В заднем окне громоздится бронетранспортер сопровождения, а за ним, в ровном натруженном гуле, узкая лента шоссе, уныло. Мелькнул пост, за ним застава. Я вдруг ловлю себя на том, что очень скучаю по Гале. Последнее время письма от нее приходят все реже. Да и о чем писать – малышки нет. Раньше в конверте, в «ДП» к письму я находил рисунки дочери – нечто похожее на зверье: зайчики, слоники, медвежата, а там, где совсем уж не понятно кто есть кто, Галя подписывала: «Такой у нас волк. Он зубастый и злой». И, конечно, присылала фотографии малышки... Их собралось много. Целый альбом. Тут я вдруг вспомнил, как долго искал в Ташкенте подарок Гале ко дню рождения. Хотелось что-то необыкновенное, яркое, пока вдруг в ювелирном не остановил мой взгляд медальон в форме сердечка, в золоте с рубинами – великолепное изделие восточных мастеров манило, звало к себе. Вещь оказалась безумно дорогой, но я как-то изловчился, купил. Что только не сделаешь для любимой женщины. А она сказала: «Гаврош, тебе он нужнее. Вставим сюда фото нашей девочки и она тебя будет беречь». А я заупрямился: «Не слишком ли роскошно... И чего страхи нагонять?! Меня Родина бережет». Но жена настояла. И с тех пор медальон с Маришкой всегда на груди. И, кажется, Бог милует.

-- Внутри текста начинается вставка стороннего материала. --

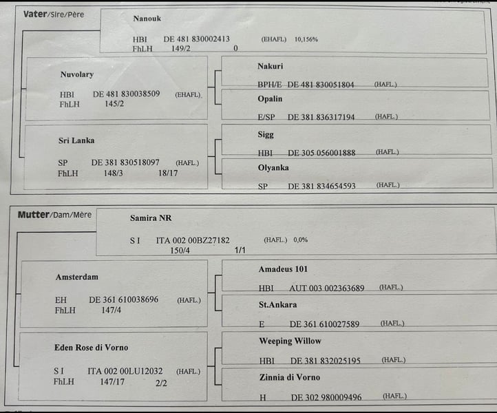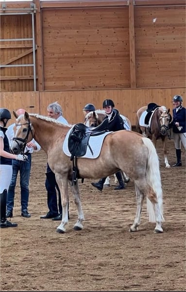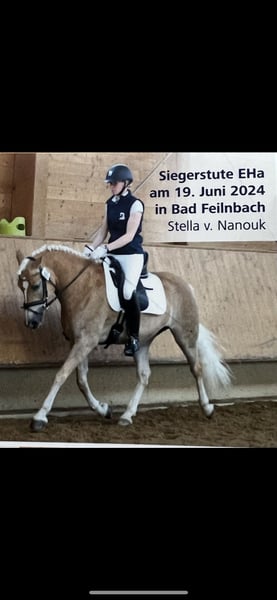 Stella ist eine 7jährige Edelbluthaflinger Stute , die besonders durch ihr freundliches und arbeitswilliges Wesen auffällt und bereits als Fohlen mit ihrer Typbrillanz ein Ticket zum Bayrischen Fohlenchampionat 2018 in München lösen konnte. Außerdem erhielt sie mit einer Eintragungsnote von 7,57 die Zulassung zur Landesschau 2024. Parallel wurde sie angeritten und konnte ihre Stutenleistungsprüfung mit 8,23 als Siegerstute ablegen. Stella hat schon hervorragende Fohlen zur Welt gebracht, ihr erstes Hengstfohlen wird dieses Jahr im November auf der Süddeutschen Körung vorgestellt. Aktuell hat sie ein tolles Stutfohlen bei Fuß. Stella ist kein Kinder-/Anfängerpferd! Sie benötigt jemanden der gut durchgreifen kann und sie sportlich fördert. Im täglichen Umgang zeigt sie sich gegenüber dem Menschen immer aufgeschlossen und freundlich, ist unproblematisch im Herdenverband, da auch in Solchem aufgewachsen. Hängerfahren, waschen Oder Hufschmied etc. ist alles kein Problem für sie. Stella wurde regelmäßig entwurmt und ist Tetanus,Herpes und Influenza geimpft. Ihr Stockmaß ist ca 149cm. Bei Interesse können Sie Stella jeder Zeit besuchen. Gerne senden wir vorab weitere Informationen sowie ein Video.
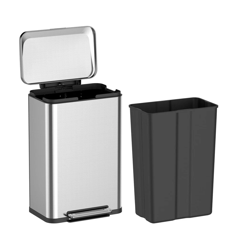 Trash Can Set 2 Pack, 13 Gal Stainless Steel Trash Can With Lid, Step On Waste Bins, 2 Gal Slim Trash Can for Narrow Space Trash Can Set - Our trash can combo value set solve both your kitchen and bathroom needs in one time, keeping your space tidy. The larger trash can 13 Gal is suitable for kitchen, living room and office, while the smaller trash can 2.1 Gal is suitable for narrow spaces thanks to its slim shape. Stainless Steel Trash Can - This trash can set is made of high quality stainless steel and thickened plastic inner buckets, sturdy and durable. All inner buckets are removable. Polished surface finish is fingerprint-proof and resists smudges, keeping trash can set shiny and easy to clean. Simple but Useful Design - This trash can has a rectangular shape so that it has spacious storage capacity than the circular can. Simple appearance matches perfectly with your modern home. Silent Close Lid - Our kitchen trash can use slow down technology, open and close will not make a lot of noise. Please rest assured that you can use it with no worry about disturbing your families break. Strong Steel Pedal - The steel pedal has experienced hundreds of test before sending to you, durable and strong. If you have any questions, please feel free to contact us.

Еще немного, еще чуть-чуть и наш Баграмчик тут как тут, – нарушает молчание мой водитель Степа, рязанский паренек. Вообще-то он балагур: когда мы одни, «без начальства», любит анекдотами «сорить». Из цикла народных. Я пронес этот его эмоциональный пассаж мимо себя, а Чудов буркнул:
– Хреново без курева.
И опять все погрузились в себя. А я вернулся к Гале. Не пишет, не хочет, видно, лишний раз бередить рану. Какие строчки без памяти о дочери? Наверное, мне все-таки легче. Я спрятал свою душу здесь, в Афгане. А на чужой крови и своя рана терпимее. А у нее шок в развитии. От одиночества, от пустоты, от деталей квартиры, даже запахов. «Я, Гаврош, нечаянно распашонку Маришкину нашла, в белье затерялась. Розовенькая такая, с рюшечками. Еще, знаешь, младенческим пахнет... Всю ночь ревела. Ну за что, а? За что...» – вспомнились строки и память торопливо, уколами восстанавливает совсем недавнее прошлое... Мой экстренный вызов в Союз по телеграмме... (И надо же было лететь бортом с «грузом 200»). Ну, нелепость какая-то, глупость. Играла девчушка на детской площадке, упала, ударилась головой и ножку поранила. И все. И травмы, казалось, пустяковые. И вдруг страшный приговор – гематома мозга, лобной части. Сепсис. Кажется, тесть поставил на ноги всю «передовую Советскую медицину». Лучшие импортные лекарства, профессура... Только в итоге – паралич... А дальше чудовищная процедура погребения ребенка...
Чудов поворачивается ко мне и я читаю на его лице нетерпение на грани отчаяния.
– Курите, но только в окошко, – разрешаю я.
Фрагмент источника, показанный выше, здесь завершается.